** Problem details **
With pictures left out, retype exactly the lines from the one containing "Most of our" through the final line of the entries.

[Data excerpts]
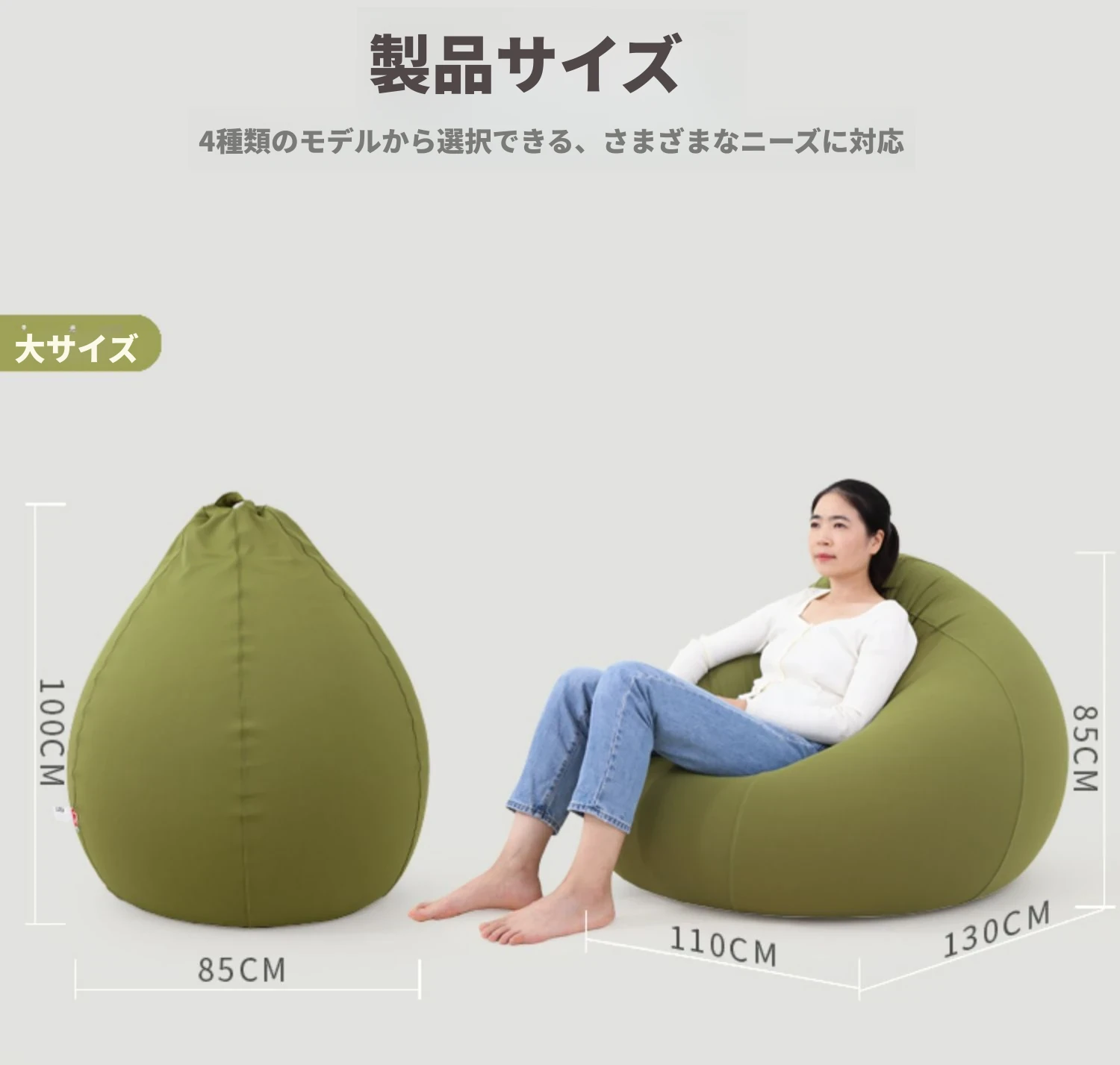 加大号水滴:アボカドグリーン 【110*130cm】
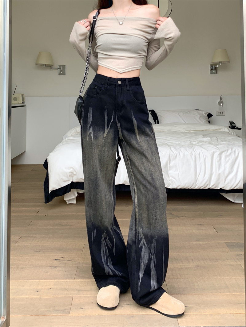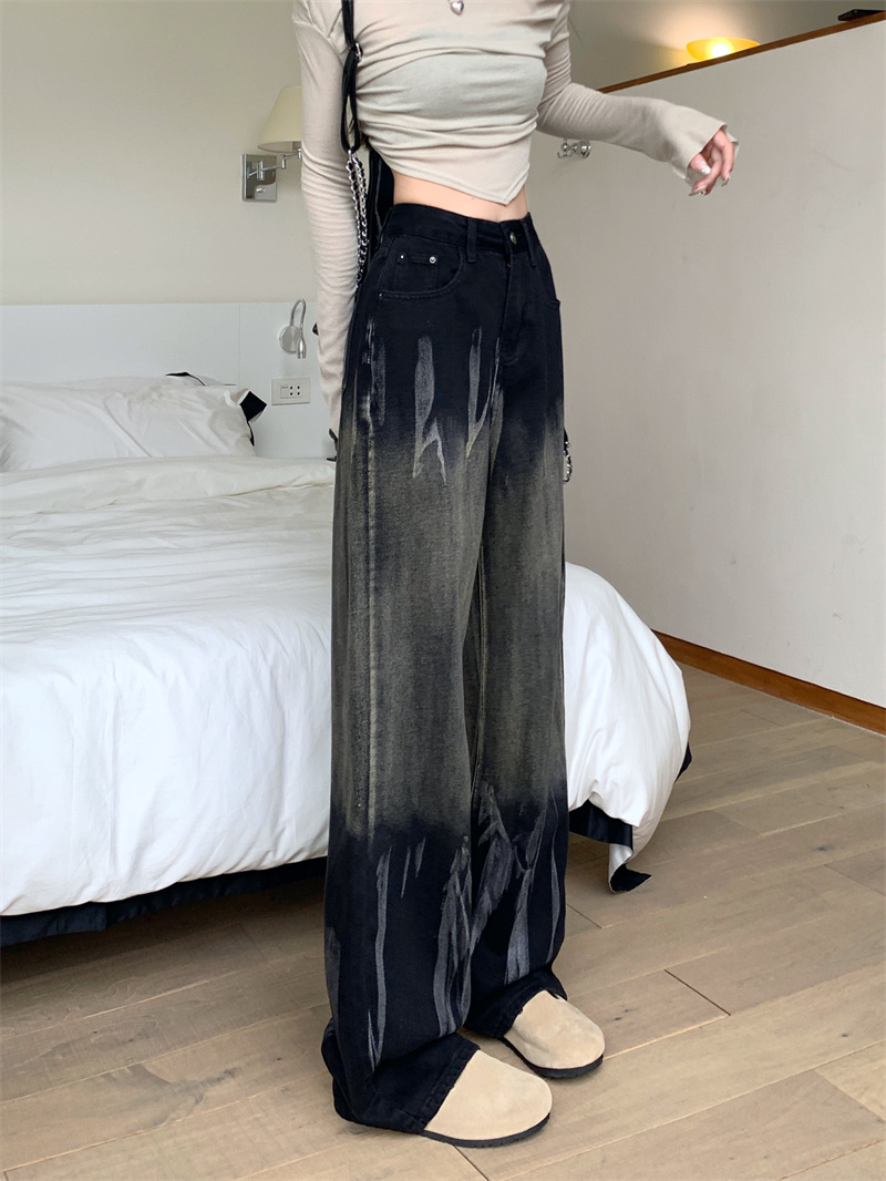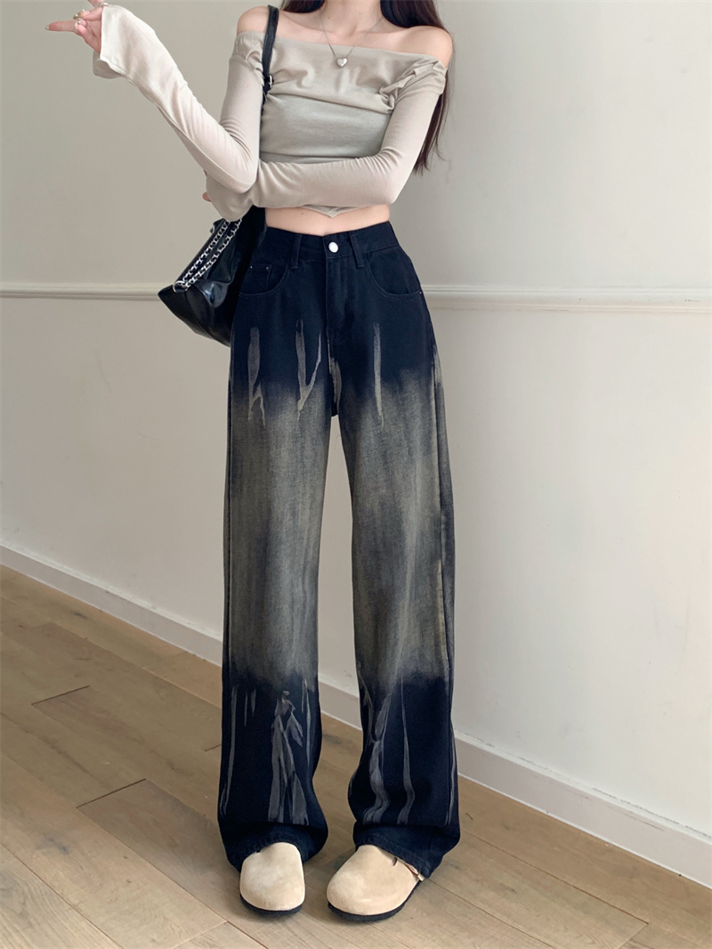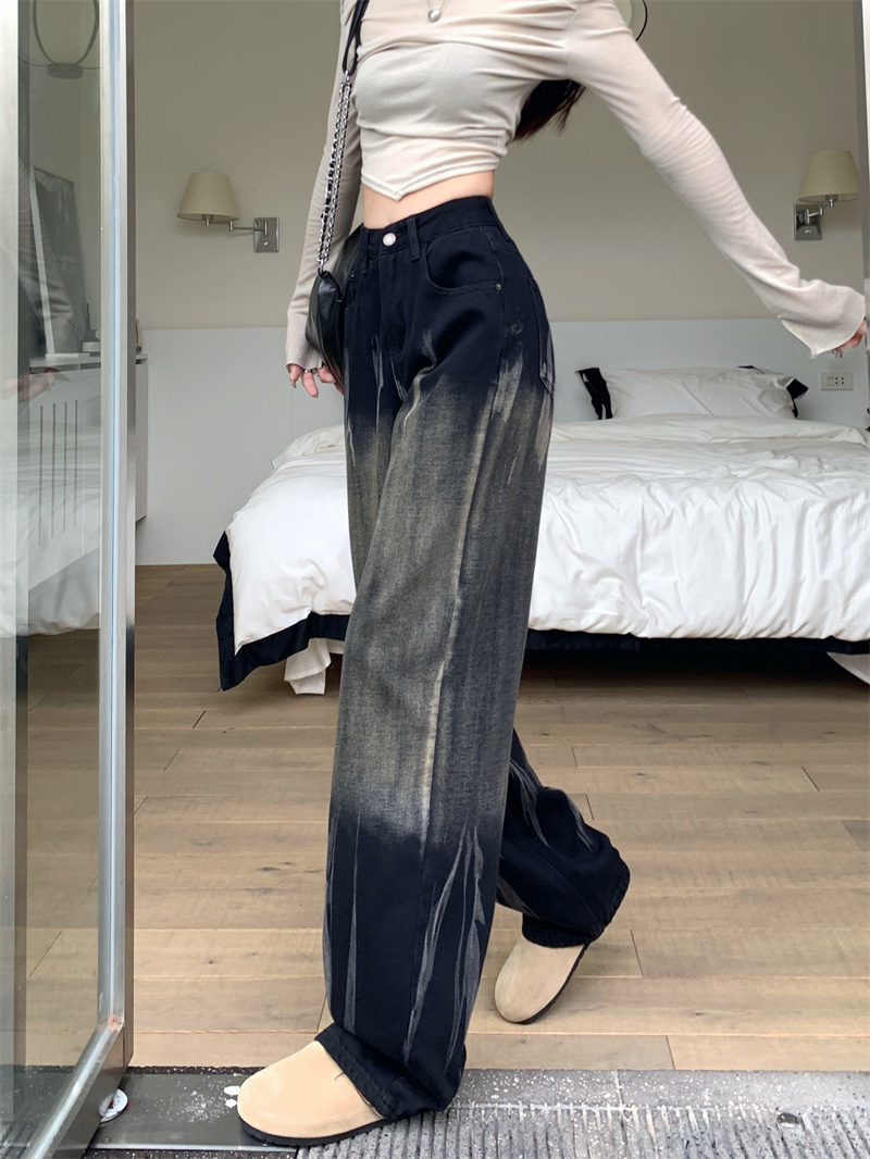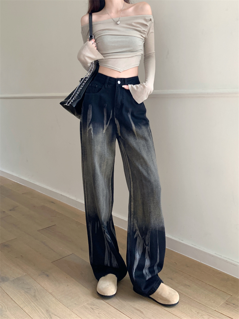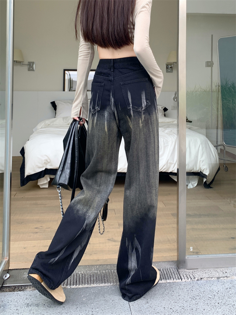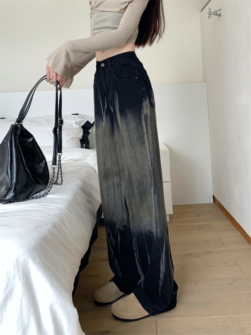 MY15996# 渐变色直筒牛仔裤女装新款高腰显瘦高街潮阔腿裤子女裝貨源服裝批發
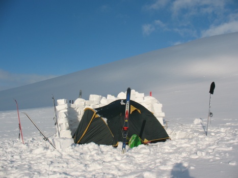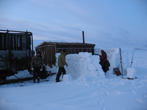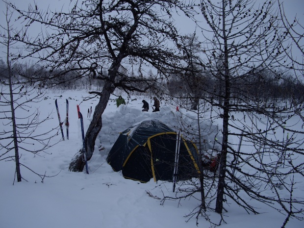 Ветер какой-то обманчивый, было непонятно, с какой стороны строить ветрозащитную стенку. Сделали мы ее по первому разу примитивно. В целом, однако, было уютно. В километре светили те самые прожектора, со стороны Харп доносились звуки железнодорожного происхождения.
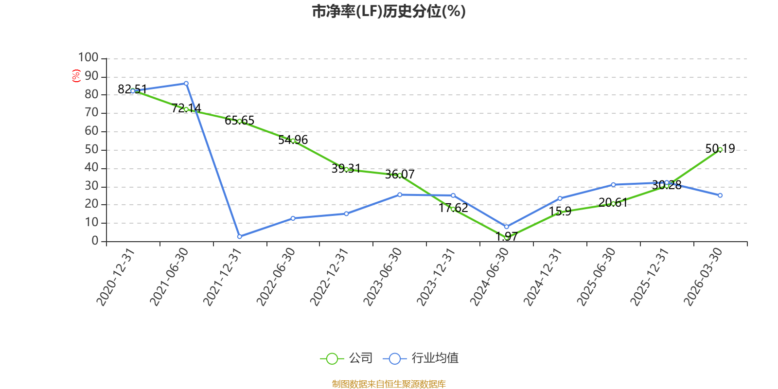 市盈率、市净率为负时,不显示当期分位数,会导致折线图中断。
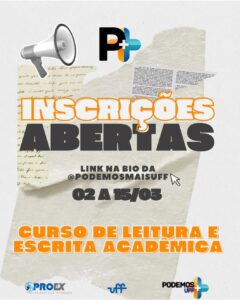 A Pró-Reitoria de Extensão da Universidade Federal Fluminense informa que estão abertas, entre os dias 02 e 15 de março, as inscrições para a 10ª edição do Projeto Podemos Mais UFF – Curso de Leitura e Escrita Acadêmica.
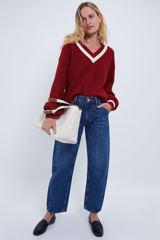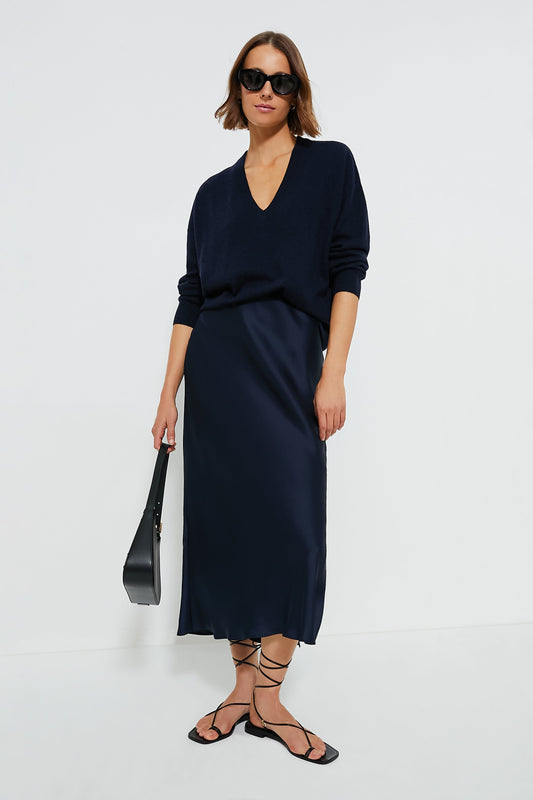 Navy Cashmere Emma V-Neck Boyfriend Sweater
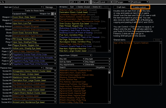 2. Далее в POB жмём Create custom внутри вкладки с предметами.
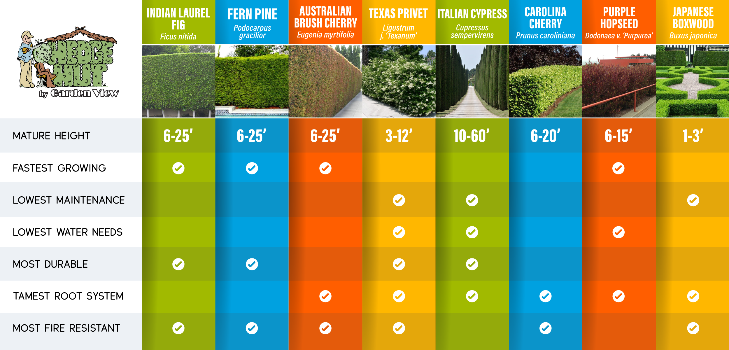 Most of our hedge varieties have similar water and sun requirements, so the main factors are growth height and your personal preferences.
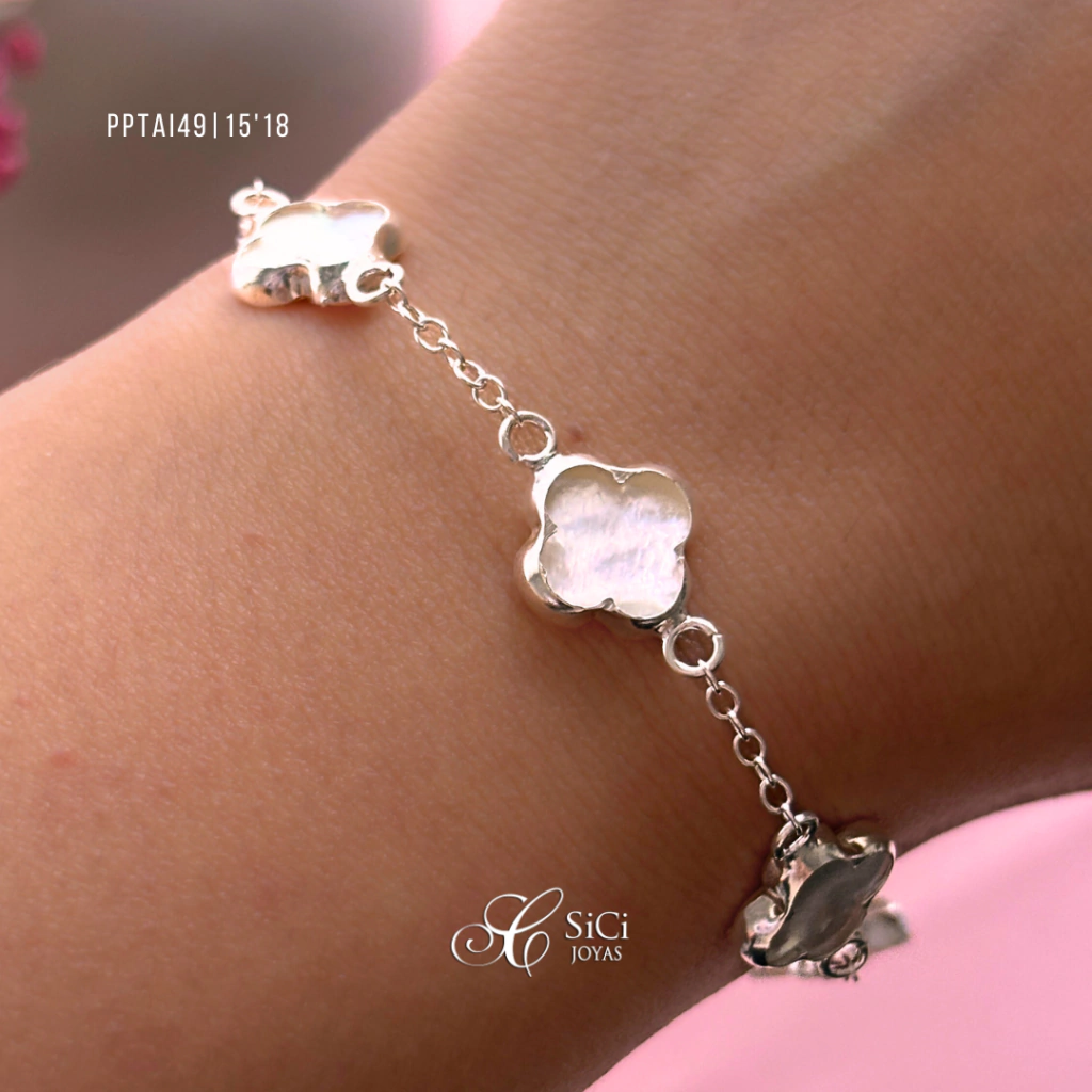 Pulsera con trébol nácar intercalado
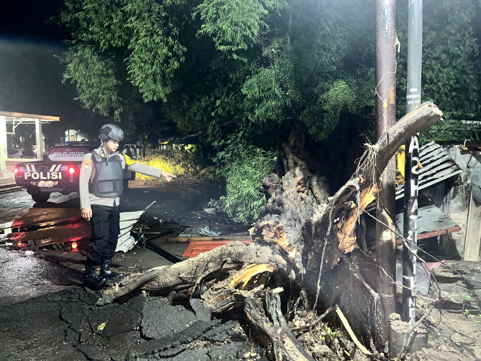Personil Polsek Ciwandan Monitoring Pohon Tumbang

** Your response **
 Most of our hedge varieties have similar water and sun requirements, so the main factors are growth height and your personal preferences.
 Pulsera con trébol nácar intercalado
Personil Polsek Ciwandan Monitoring Pohon Tumbang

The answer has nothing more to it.